-- Opening Marker --
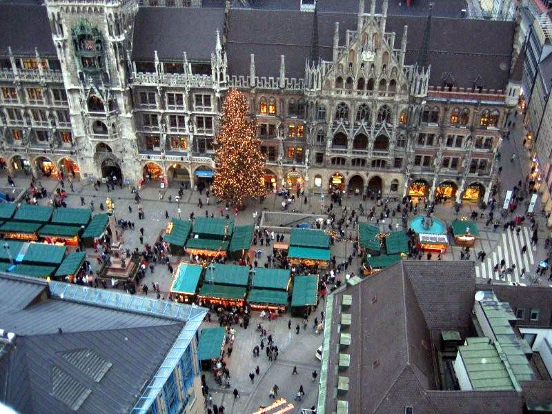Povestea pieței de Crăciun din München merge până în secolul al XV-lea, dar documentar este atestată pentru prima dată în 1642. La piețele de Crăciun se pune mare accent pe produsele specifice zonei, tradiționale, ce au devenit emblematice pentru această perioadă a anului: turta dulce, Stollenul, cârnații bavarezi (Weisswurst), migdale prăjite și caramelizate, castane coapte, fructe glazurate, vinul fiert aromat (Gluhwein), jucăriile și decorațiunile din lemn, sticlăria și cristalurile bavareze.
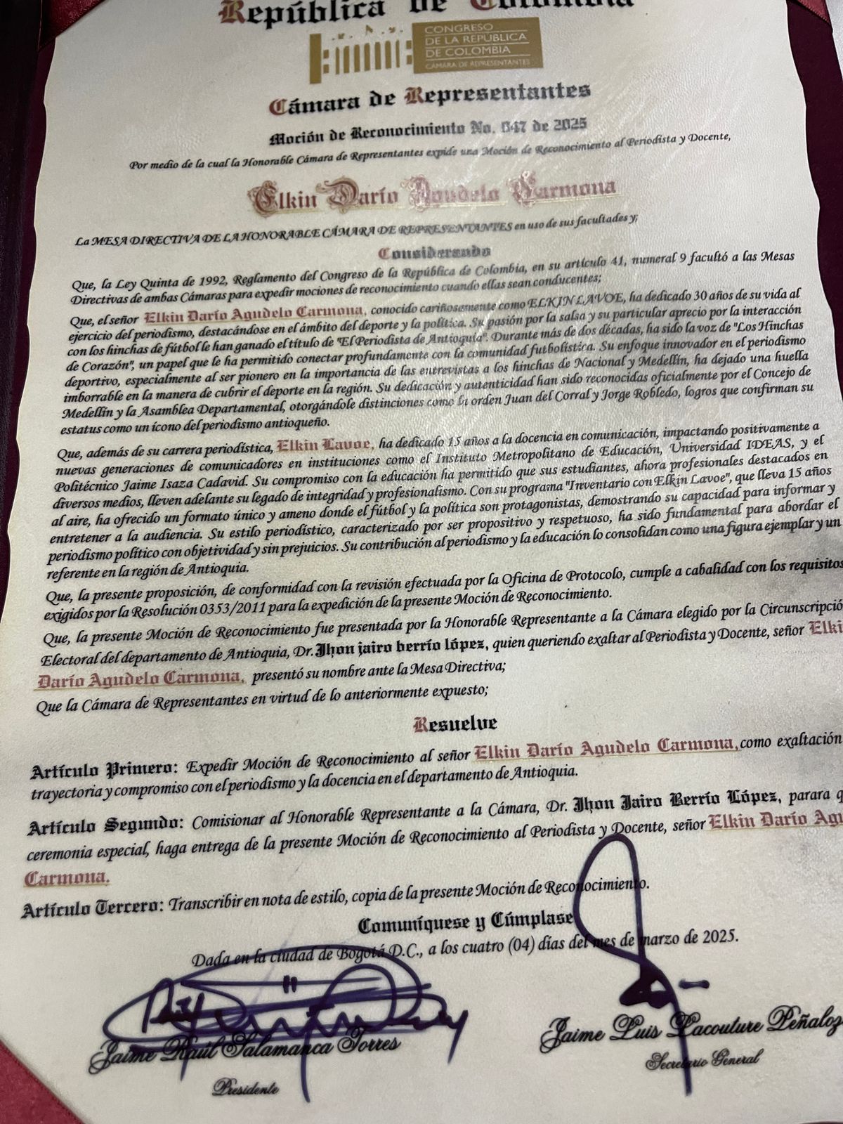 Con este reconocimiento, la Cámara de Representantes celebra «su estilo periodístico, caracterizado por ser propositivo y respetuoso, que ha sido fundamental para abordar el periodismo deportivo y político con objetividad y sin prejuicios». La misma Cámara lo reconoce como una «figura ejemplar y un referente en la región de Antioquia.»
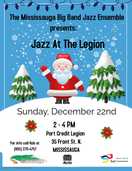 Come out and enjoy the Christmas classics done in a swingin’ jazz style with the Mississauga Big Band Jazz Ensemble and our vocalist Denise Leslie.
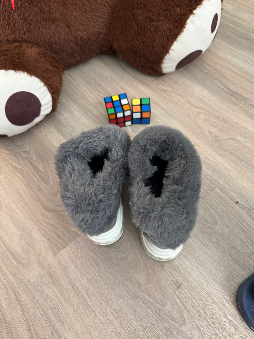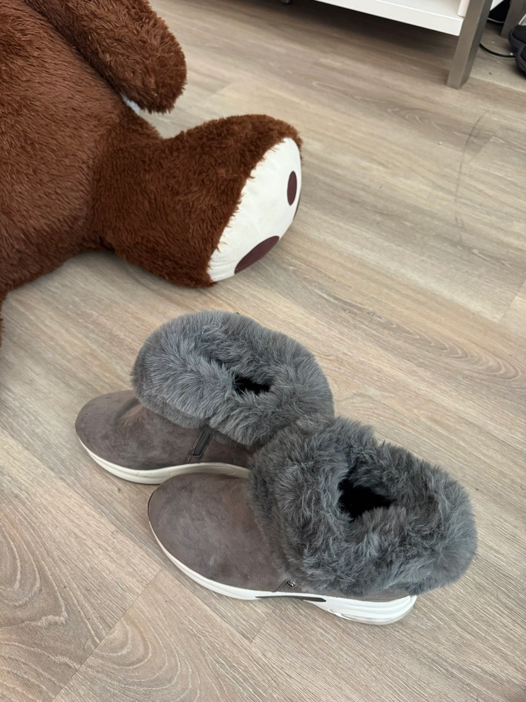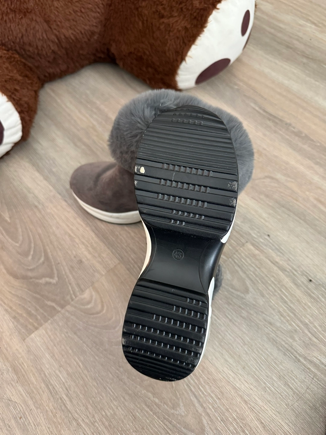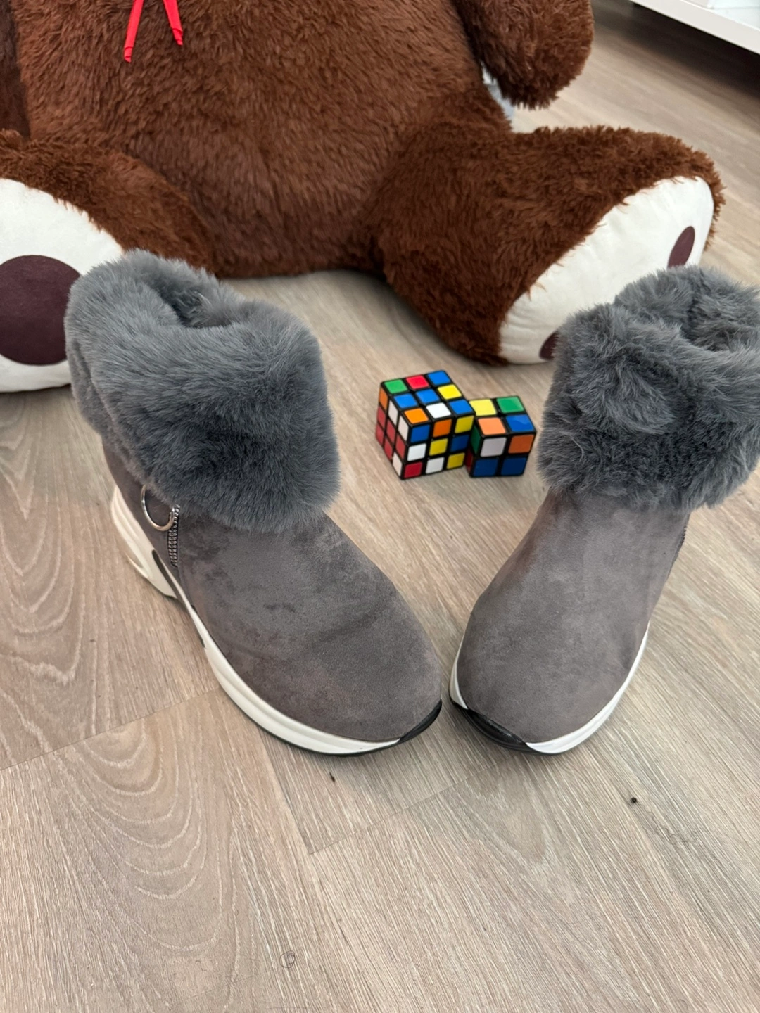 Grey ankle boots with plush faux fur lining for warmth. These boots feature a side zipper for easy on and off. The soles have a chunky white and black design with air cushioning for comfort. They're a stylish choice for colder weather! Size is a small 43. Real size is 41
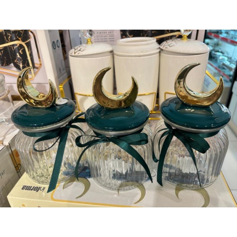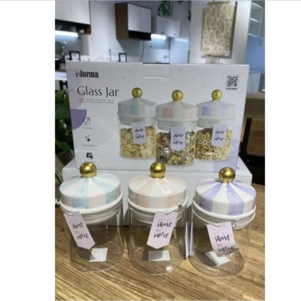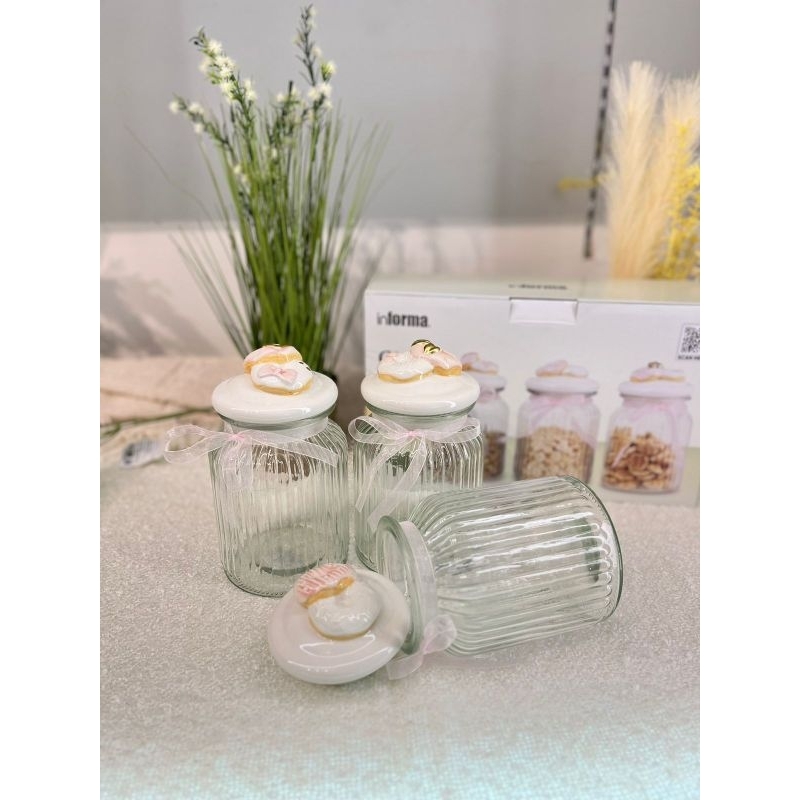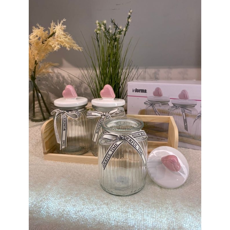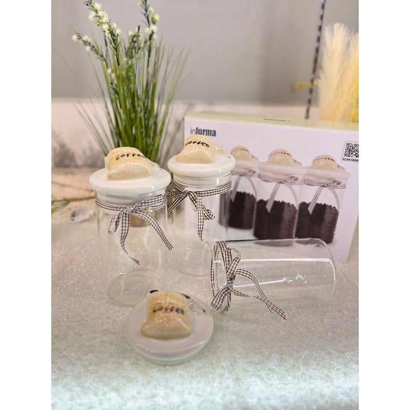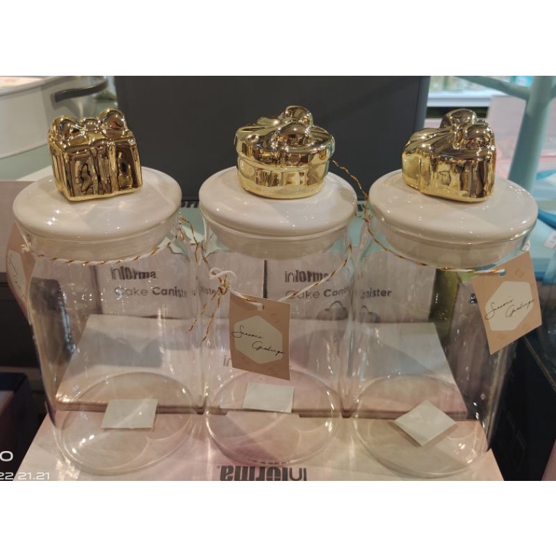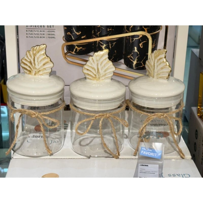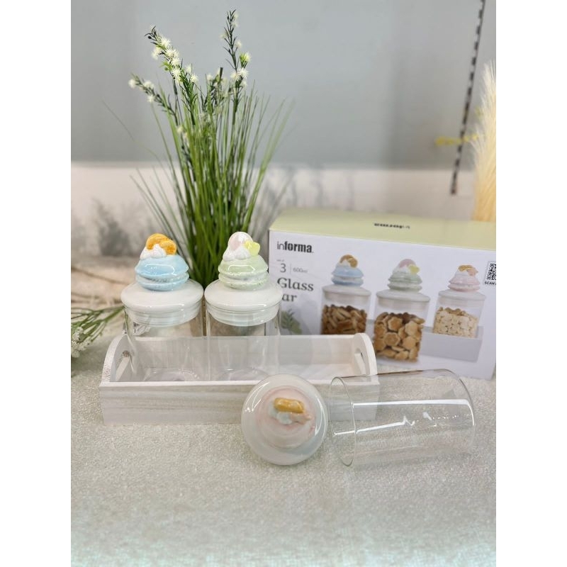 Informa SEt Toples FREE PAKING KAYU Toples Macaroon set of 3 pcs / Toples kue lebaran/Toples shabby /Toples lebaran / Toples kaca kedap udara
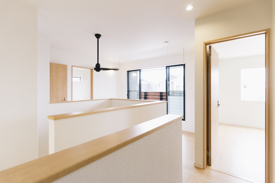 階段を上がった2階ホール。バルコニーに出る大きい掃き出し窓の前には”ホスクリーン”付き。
-- Closing Marker --
(What you need to do): Exactly as written above, print every record, and keep the pictures out.

(Solution to the problem):
Povestea pieței de Crăciun din München merge până în secolul al XV-lea, dar documentar este atestată pentru prima dată în 1642. La piețele de Crăciun se pune mare accent pe produsele specifice zonei, tradiționale, ce au devenit emblematice pentru această perioadă a anului: turta dulce, Stollenul, cârnații bavarezi (Weisswurst), migdale prăjite și caramelizate, castane coapte, fructe glazurate, vinul fiert aromat (Gluhwein), jucăriile și decorațiunile din lemn, sticlăria și cristalurile bavareze.
 Con este reconocimiento, la Cámara de Representantes celebra «su estilo periodístico, caracterizado por ser propositivo y respetuoso, que ha sido fundamental para abordar el periodismo deportivo y político con objetividad y sin prejuicios». La misma Cámara lo reconoce como una «figura ejemplar y un referente en la región de Antioquia.»
 Come out and enjoy the Christmas classics done in a swingin’ jazz style with the Mississauga Big Band Jazz Ensemble and our vocalist Denise Leslie.
 Grey ankle boots with plush faux fur lining for warmth. These boots feature a side zipper for easy on and off. The soles have a chunky white and black design with air cushioning for comfort. They're a stylish choice for colder weather! Size is a small 43. Real size is 41
 Informa SEt Toples FREE PAKING KAYU Toples Macaroon set of 3 pcs / Toples kue lebaran/Toples shabby /Toples lebaran / Toples kaca kedap udara
 階段を上がった2階ホール。バルコニーに出る大きい掃き出し窓の前には”ホスクリーン”付き。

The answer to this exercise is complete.